Still, though Klinsmann worked to soften public pressure, he also acknowledged the hard truth: "It's about winning." If last year's Gold Cup debacle was "a learning curve" for the likes of Wood, Brooks, and DeAndre Yedlin, then now is the time for them to deliver. "And," he added later, on the subject of expectations, "it's the same for the coach as well."

That will certainly pique the interest of Klinsmann's burgeoning list of detractors, many of whom have wanted him fired for over a year. But U.S. Soccer Federation president Sunil Gulati remains Klinsmann's greatest ally and even a miserable trio of group performances doesn't figure to change that so quickly. "I don't think his job is at risk," Brad Friedel, the former U.S. goalkeeper and current U-19 coach who is calling the Colombia game for FOX Sports, told VICE Sports. "If the players stop working for a coach, that is when jobs are at risk."
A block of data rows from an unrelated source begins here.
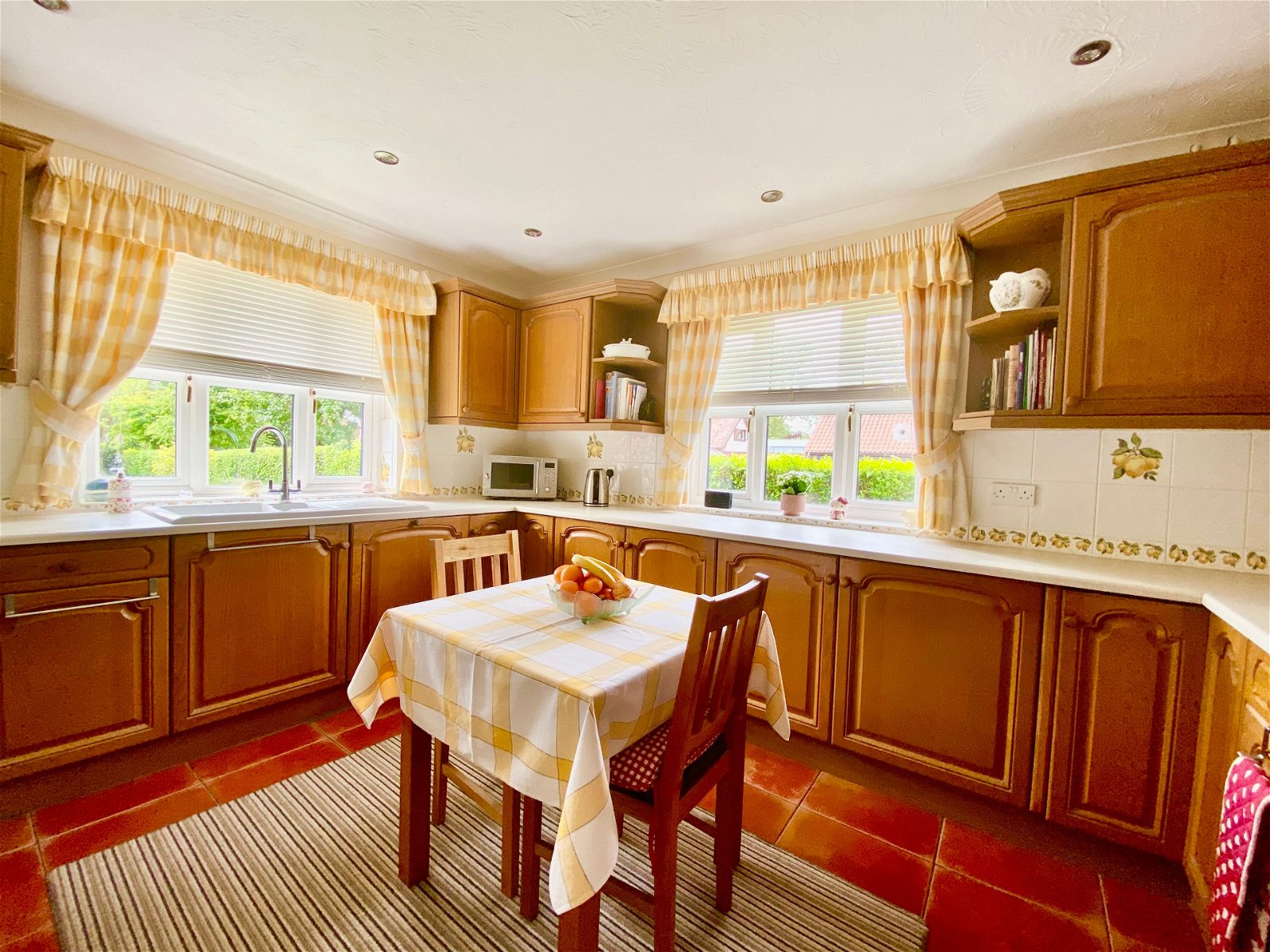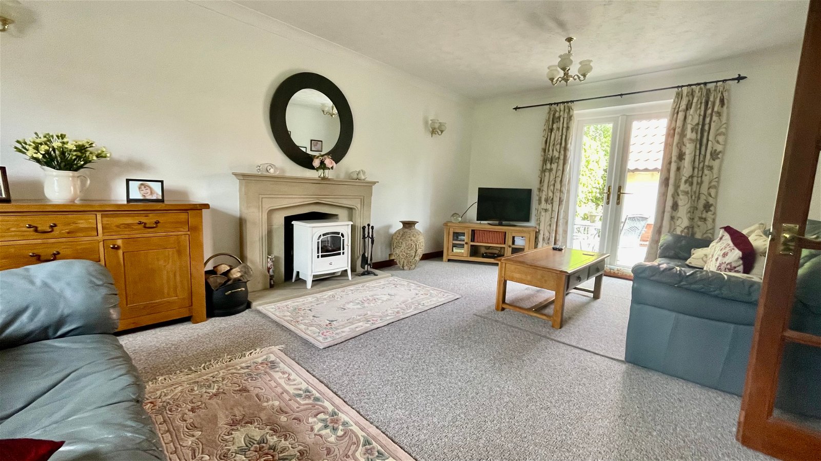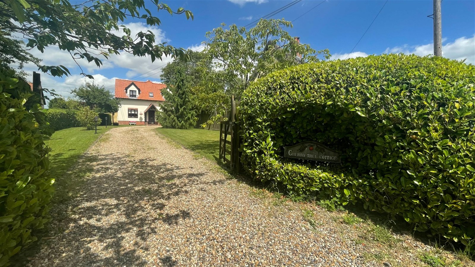 Set back from the road, the property is accessed via a large shingle driveway providing ample off-road parking and leading to a single garage with an up-and-over door. The generous rear gardens are mostly laid to lawn and include a large patio area for alfresco dining, three garden sheds, and a large wood store, all enclosed by panel fencing and attractive hedging.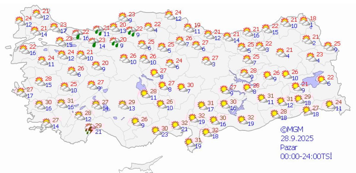 - İstanbul başta olmak üzere, 13 ilde sıcaklıkların 20 derece altına düşmesi bekleniyor.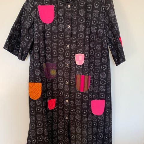Käyttämätön Marimekon taskumekko, tummansinininen, koko=160cm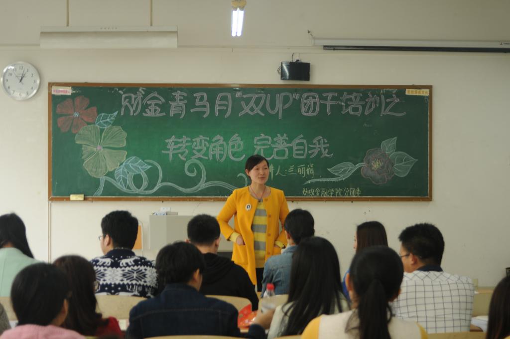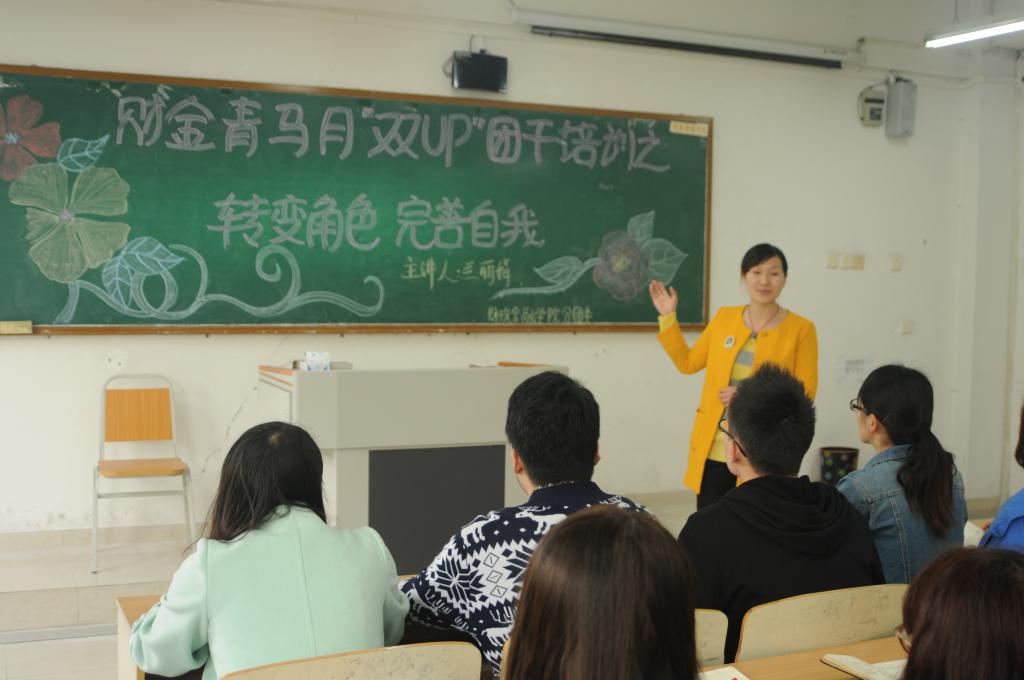 为进一步提高学生干部的工作能力与综合素质,3月17日,财政2003网站太阳集团于07212教室举行了以“转变角色,完善自我”为主题的财金青马月之“双UP”团干培训。此次培训会由分团委书记兰丽娟老师召开,财金学生会各部门部长参加培训。

But, as is the case with his players, Klinsmann's margin for error is shrinking. And though countries loathe replacing managers midway through World Cup qualifying, Klinsmann himself was appointed in exactly such circumstances. Failure in this Copa could be what undoes him, if not now then further down the road after a lesser slip-up. There is no greater domestic showcase for American soccer on the horizon, and so it's imperative that the USMNT demonstrates that it truly can hang with the game's blue bloods.

Above all else, then, he would do well to heed his own words at the podium on Thursday.

"Americans are very ambitious," he told his audience. "They don't like to be behind."